The "median" (red line) economist expects a 0.25 percentage point (or "basis point") rate cut in May followed by interest rate stability until the first quarter of next year. The median then forecasts one hike back to 4.25% in 2013. My own May forecast is currently a "more likely than not" 25 basis point cut subject to the inflation results on the 24th, which could stay the RBA's hand.
The "average" economist prediction (orange line) is very similar: the average thinks there is a chance the RBA does not cut in May, albeit this is a slim prospect given the average expectation is 4.03% by May. The average then thinks there is a non-zero chance of a total of two rate cuts this year, and prices in a cash rate of 3.92% until the fourth quarter. The average subsequently starts pricing in rate hikes in 2013.
The dotted lines in the chart show the highest and lowest forecasts. The lowest any of the 24 economists surveyed see the cash rate going is 3.75%, which implies two more cuts. In contrast, the highest see no cuts at all this year, and a first hike by Q1 next year.

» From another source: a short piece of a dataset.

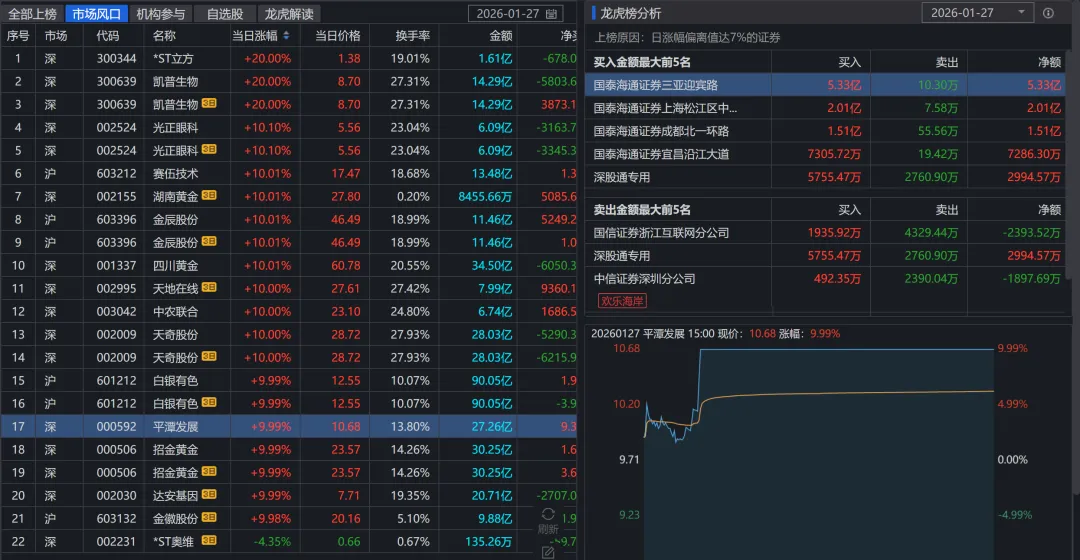 四川黄金(9天5板)、招金黄金(7天4板):趋势型连板,显示资金对黄金股后市依然乐观。

It is always good to condition one's analysis to extreme "outliers" (eg, a Steve Keen style scenario). One such outlier, who was not included in the Bloomberg poll, is the ALP-aligned economist Stephen Koukoulas. Prior to ANZ's decision to hike on Friday, and the strong labour market result last week that saw the unemployment rate unchanged at 5.2%, Koukoulas forecast the RBA would cut by a massive 50 basis points in May (he admittedly also forecast rate cuts in February and in April).

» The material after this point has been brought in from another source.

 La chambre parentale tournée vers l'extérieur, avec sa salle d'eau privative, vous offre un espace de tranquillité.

Koukoulas has naturally reaffirmed his 50 basis point cut call for May following ANZ's small rate hike on Friday, although, technically, the RBA would have to cut by more than 50 basis points to satisfy his pre-ANZ views (ie, by 56 basis points). Koukoulas thinks we will have lots of cuts going forward--many more so than any of the 24 economists polled by Bloomberg. Specifically, he declares: "Get set for a 50 cut in May and probably more cuts in the second half of 2012." If this comes to pass, it will be great news for housing investors.